Waveguide amplifiers produced by femtosecond laser in doped heavy metal glasses

Abstract

Waveguides are very suitable structures for integrating optics in miniaturized systems such as those involved in microfluidics. With them, it is possible to stimulate reactions using light and collect information from optical signals from specific points of a given system. Thus, for example, it is possible to transport light from an external source to a microreactor within a microfluidic system and/or collect the emission of any reagent or reaction from any point in the system. In this context, several kinds of research have been carried out for the development of waveguides in transparent materials suitable for use in microfluidic systems such as lab-on-a-chip. A widely used way of producing such guides is through the focusing of ultrashort laser pulses (fs) inside transparent materials. In this case, the intensity is adjusted so that the absorbed energy is sufficient to change the crystalline arrangement in the focal region, but not enough to cause catastrophic damage, that is, that there is no rupture of bonds between atoms.
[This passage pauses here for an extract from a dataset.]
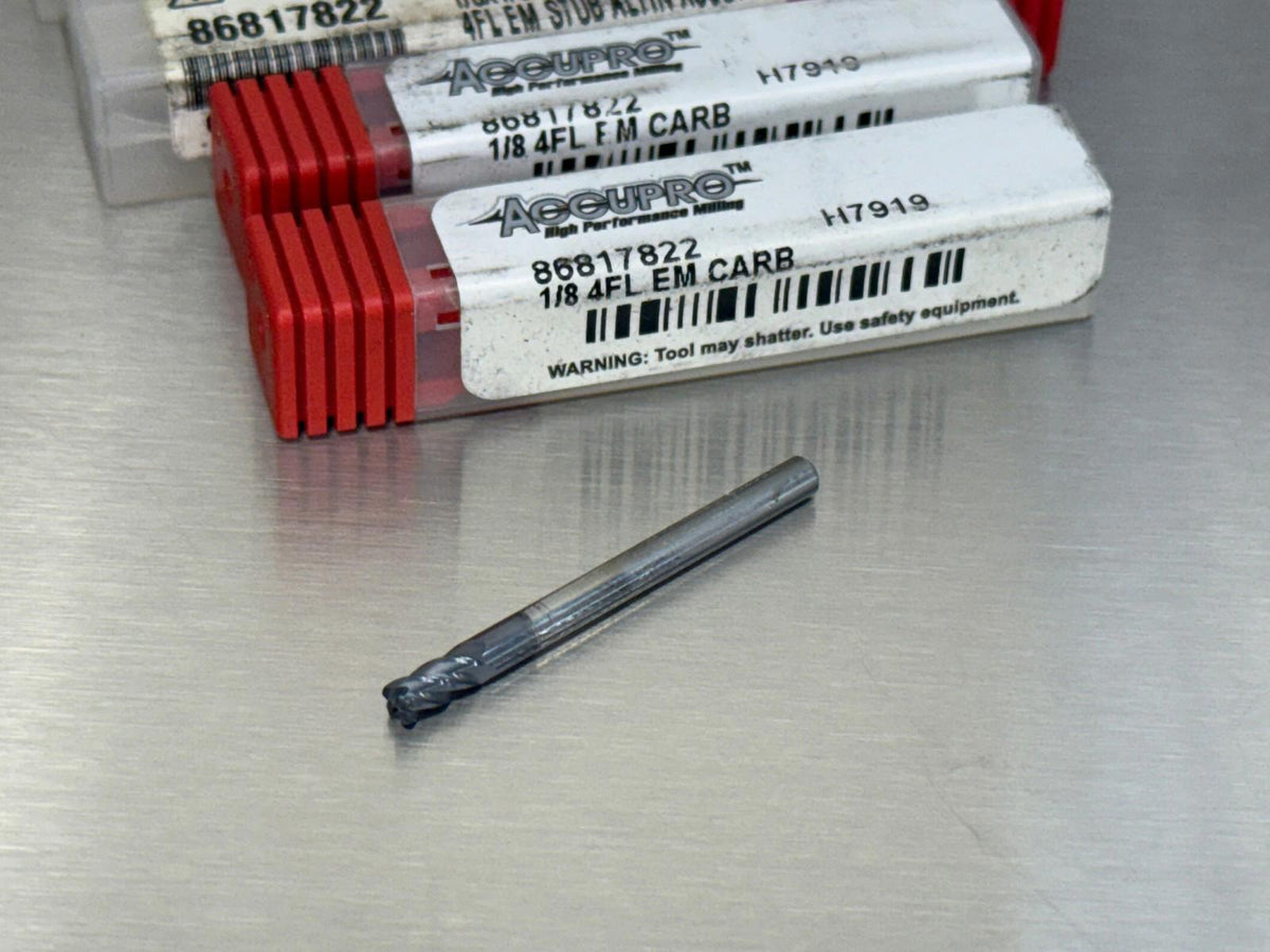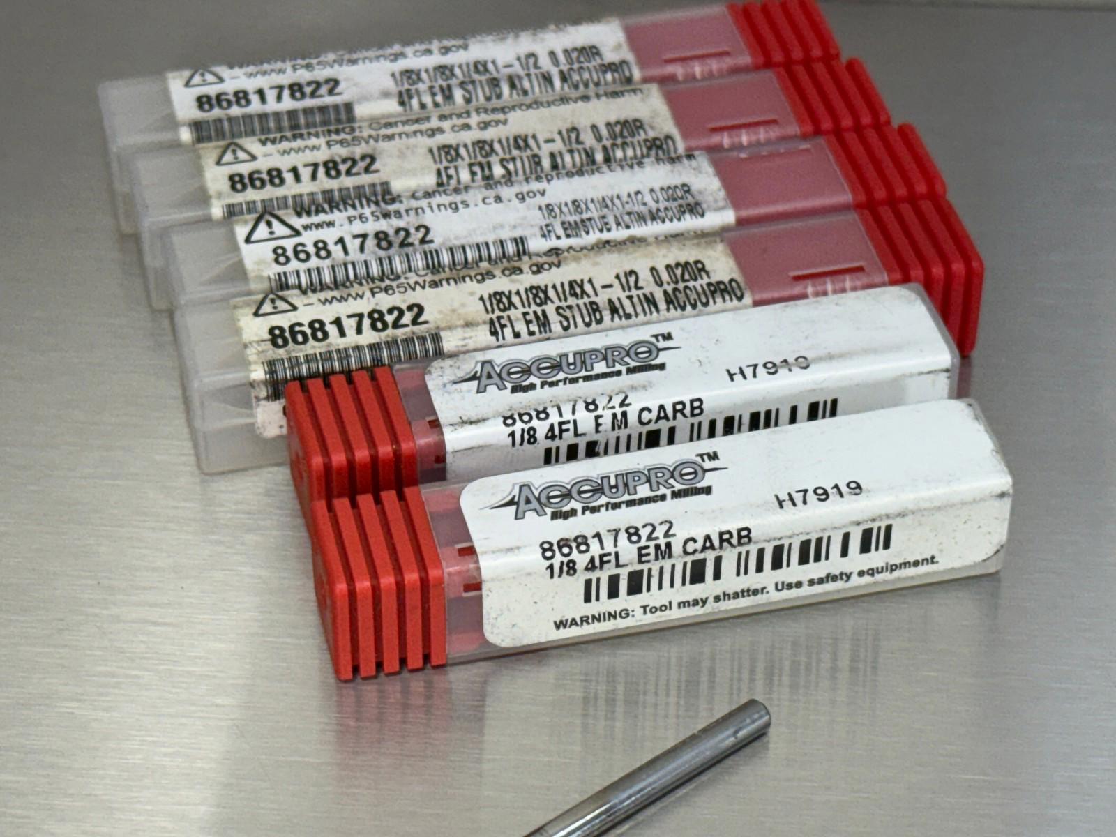 (6) Accupro 1/8" Carbide End Mill .02" CR 4FL 86817822
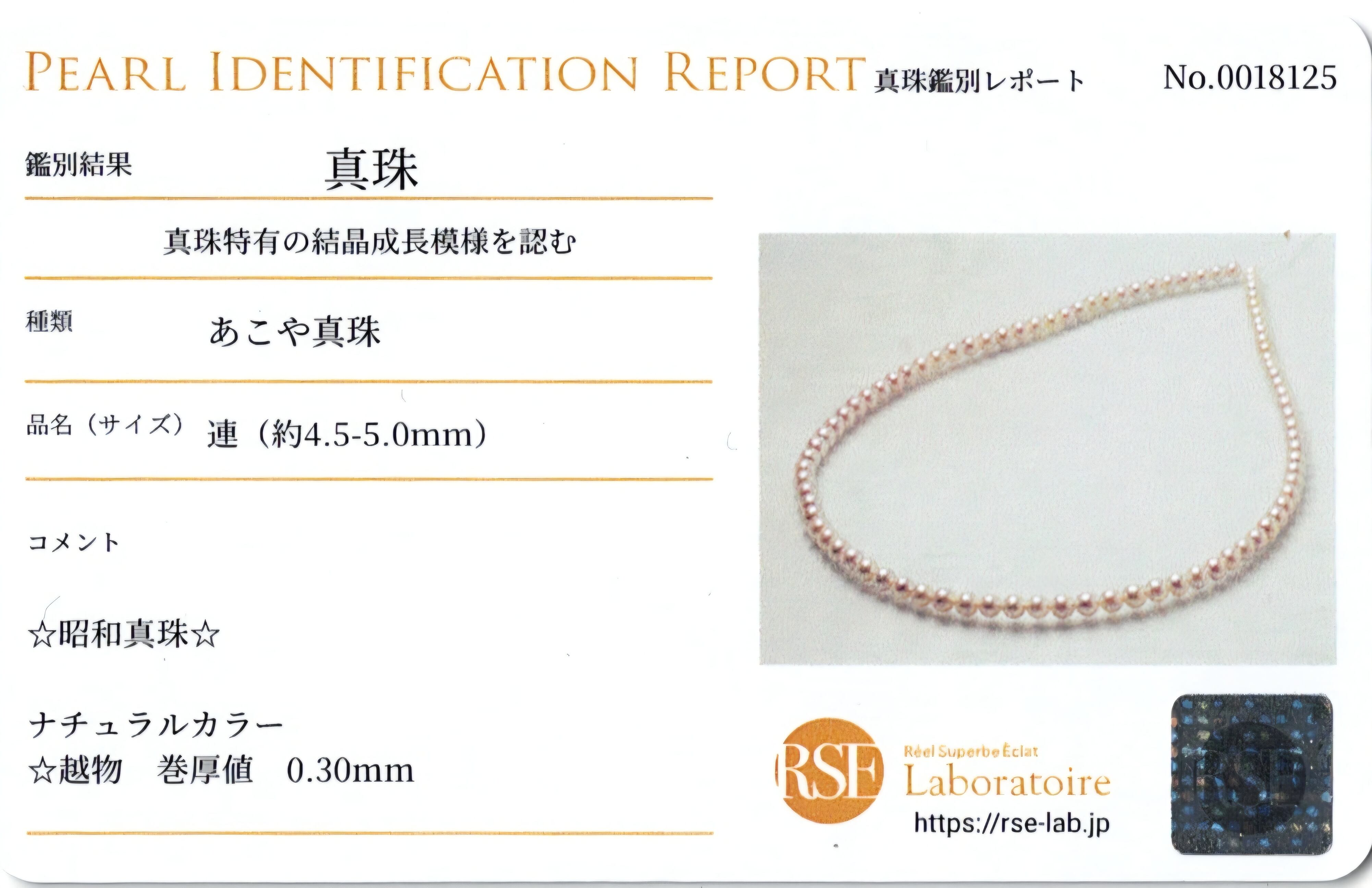 強い光沢があり巻が厚く傷が少ない真珠のプレミアム呼称『昭和真珠』の鑑別カードが付属しており、品質に対する信頼も抜群です。

This change in the local arrangement of atoms (or ions) leads to a localized change in the index of refraction, which can be used to refract light. If a line of such regions, or points, has an index of refraction greater than that of the surrounding medium, then it is possible to guide light within it as in an optical fiber. If the index of refraction changes to a value less than that of the neighboring medium, then it is only possible to guide the light between two or more of these lines. This work describes the development and characterization of waveguides produced with two lines by processing heavy metal oxide glasses with a femtosecond laser. Tellurite (TeO2-ZnO) and germanate (GeO2-PbO) glasses were used [1,2], pure and also doped with rare earth. Raman spectroscopy shows a decrease in the photoinduced refractive index, from -7.4x10-3 to 1x10-5, depending on the material and processing conditions. Thus, it is not possible to guide light inside a single line and, therefore, two of these lines were used for this purpose, with the guidance being done between them. The work details the laser machining process, the physical and spatial characteristics of the guides produced, the characteristics of the guided spatial mode, such as the M2 parameter, the transmission losses, and the gain obtained when glasses doped with rare earths are used.